Opinion
006079/06.
May 20, 2010.
The following papers read on this motion:
Notice of Motion ................................ XX Cross-Motion .................................... XX Affirmation in Opposition ....................... X Reply Affidavit/Affirmation ..................... XXX Memorandum of Law ............................... XXXX Reply Memorandum of Law ......................... XXXXMotion by plaintiffs pursuant to CPLR 3212 for summary judgment against all defendants, other than defendant Felix Vinluan, (thirty-five nurses and one physical therapist, collectively the Nurses), is denied .
Motion by defendant Felix Q. Vinluan pursuant to CPLR 3212 dismissing the complaint as to said defendant is granted and the complaint is dismissed as to Felix Q. Vinluan.
Companion cross motions (sequence numbers 24 and 25)by two different groups of defendant Nurses pursuant to CPLR 3212 to dismiss the action as to said defendants are denied .

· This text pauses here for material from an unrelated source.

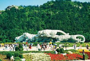 大連虎雕廣場 位于大連市中山區(qū)老虎灘?;⒌駨V場面積15,700平方米,群虎雕塑長35.5米,寬、高為6.5米,由500塊花崗巖大理石精雕而成,重達(dá)2,000多噸,6只形態(tài)各異的老虎,頭向東方,迎風(fēng)長嘯,虎虎生威,它是由我國著名畫家、雕塑家韓美林設(shè)計(jì)。
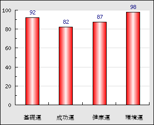 環境運 家庭や職場等での援助運・環境運を司ります。これが良いと配偶者や子供・職場の同僚などから助力が得られやすく、悪いと波乱・不和・孤独などがあります。 98点

This is an action for breach of certain employment contracts. Plaintiffs are nursing facilities, which operate as limited liability companies and have members in common. Defendants are nurses who entered into employment agreements with plaintiffs and resigned from their positions before the expiration of the three-year term provided in their individual contracts. In addition to the three-year commitment, each of the employment contracts provides for liquidated damages in the amount of $25,000 as follows:
Both the employer and Employee agree that the Employer has or will incur substantial expenses and has or will expend enormous resources and time in recruiting the Employee for employment as contemplated herein, sponsoring the Employee for an Immigrant Visa, training the Employee in practice and procedures, orienting the Employee to living in the New York area, and if necessary, recruiting a new nurse as contemplated herein to replace the employee should this contract be breached. Accordingly, the Employee agrees that if he or she willfully and voluntarily resigns, abandons, or terminates employment with Employer before the completion of at least a three (3) year term, other than for extraordinary circumstances, which would include but not be limited to incapacitation, terminal illness, or other similarly extraordinary circumstances, Employee's act shall result in an obligation by the Employee to pay the Employer Twenty Five Thousand Dollars ($25,000.00 as actual damages. Employee understand and agrees that the amount of $25,000 represents Employer's actual damages in the loss of the value of the recruitment fee Employer paid that would result from a breach of this contract. Employee therefore agrees that if he/she were to terminate this agreement before three (3) years of full time employment is completed as discussed in this Paragraph and Paragraph 18, then Employee shall pay, to Employer, Employer's actual damages in the agreed amount of Twenty Five Thousand Dollars ($25,000). This amount shall become due and owing to Employer immediately upon such resignation, abandonment, or termination of employment, unless Employer and Employee agree upon an installment payment plan on mutually acceptable terms in writing.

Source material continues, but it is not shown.